As often happens in crime coverage, the indictment lands on page one, while the acquittal gets buried on page 18. How many consumers have heard the all-clear siren on tomatoes?
So many restaurant patrons -- myself included -- carry fresh memories of being told they couldn't have a red slice on their burgers and for their own safety? An AP-Ipsos poll taken last week, just before the FDA exoneration, found that nearly half the public worried about eating tomatoes. Some respondents said they'd even thrown out produce.
Such crises create losers, big and small, and even some winners. As noted, the obvious losers are the tomato growers, packers and shippers. The National Restaurant Association says the food scare cost its members at least $100 million.
Still, the recent salmonella eruption has been a disappointment for plaintiffs' lawyers. One would be Seattle's Marler Clark law firm, which specializes in suing over food-borne illnesses. With several dozen clients who are "culture positive" for salmonella, the company is trying to build a case -- but against whom? As partner Bill Marler lamented to The Wall Street Journal, there's "no one to sue."
The tomato panic also produced some minor winners. For Lou Dobbs, the crisis fed into two favorite themes. One was bumbling Washington bureaucrats allegedly unable to protect the middle class from food poisoning. The other was something made in Mexico causing woe for Americans.

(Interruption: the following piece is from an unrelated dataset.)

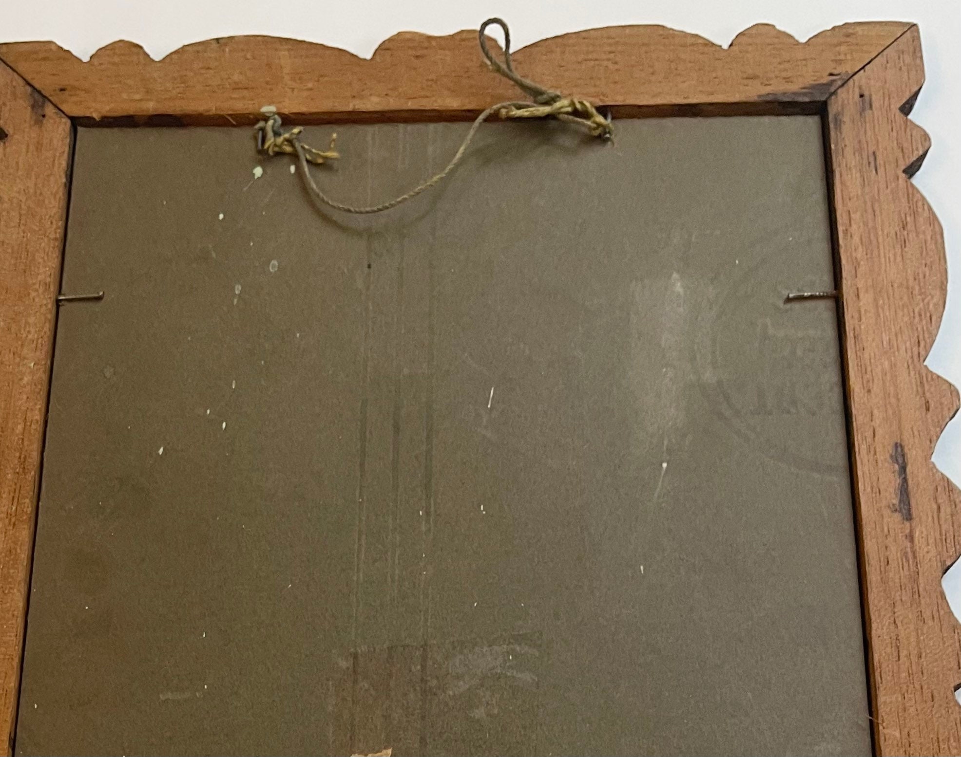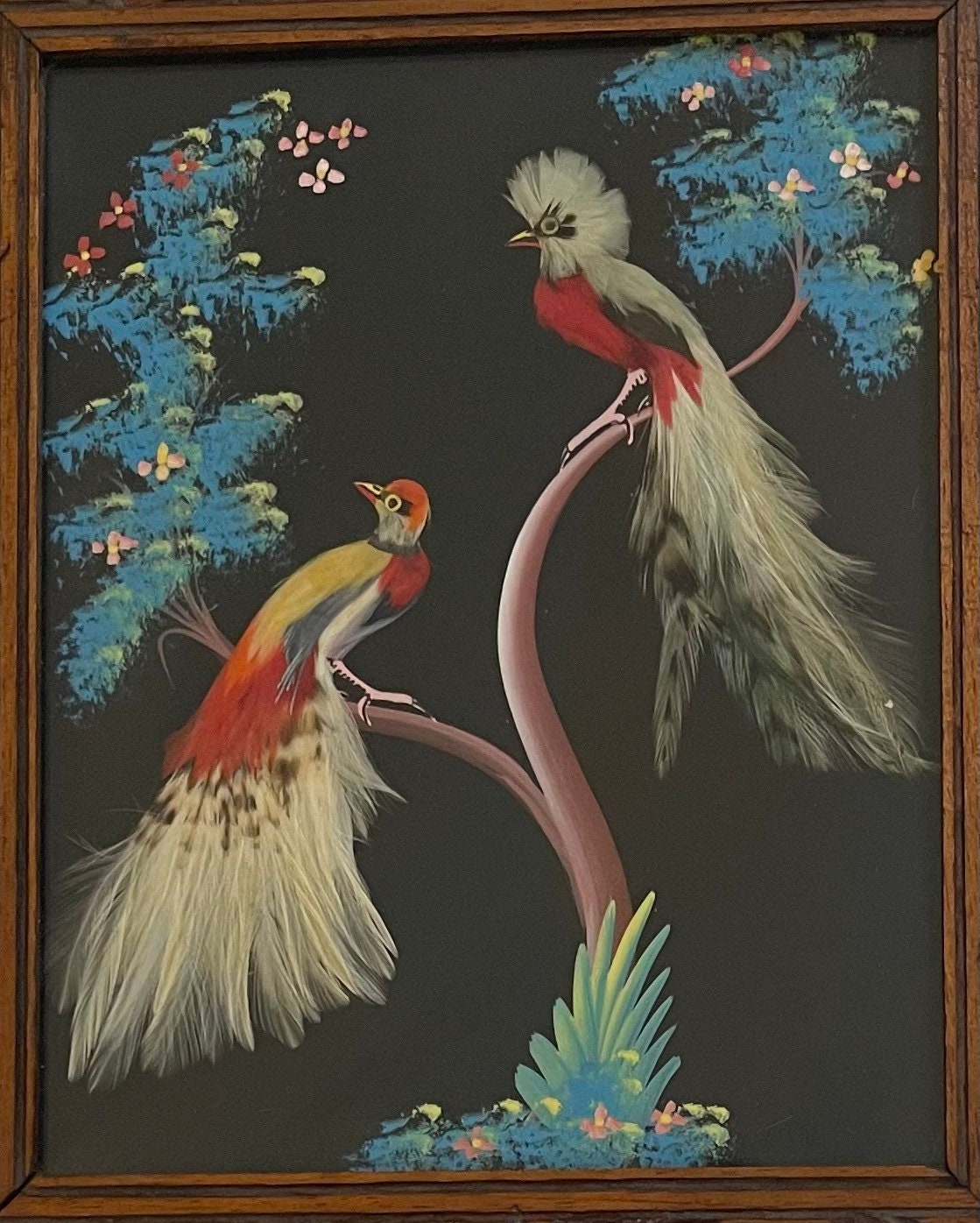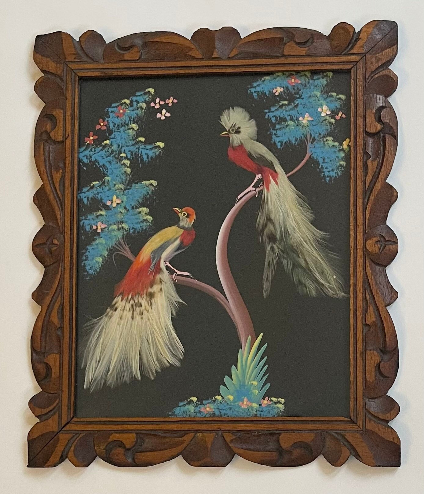 Vintage 30's Mexican feather art bird painting with carved wood frame

Another winner was the locavore community. Locavores believe in eating locally produced food. It's hard to pinpoint the source of the salmonella in part because the food distribution system mixes produce from all over the globe. A diner who only consumes things produced within, say a 150- mile radius, vaguely knows where it comes from.
The FDA is undoubtedly a winner. After a big recall of raw tomatoes in June, the Bush administration asked Congress to expand the FDA's budget, and lawmakers are complying with the request.
The question for policy makers is this: The U.S. food supply is extremely safe, and any incremental improvement in that record will be very costly. Is it worth the money?
And even if you wanted to spend a lot to advance food safety, would consumer advocates like the consequences? For example, one can ensure salmonella-proof food by irradiating it, which is what they routinely do in Europe. Now ask Ralph Nader how he feels about irradiation.
In this country, tomatoes are an easy culinary sell, so one expects a relatively rapid recovery of the tomato's reputation. The tomato scare of 2008 will fade into history, no doubt, but isn't it a shame that so many innocents got hurt?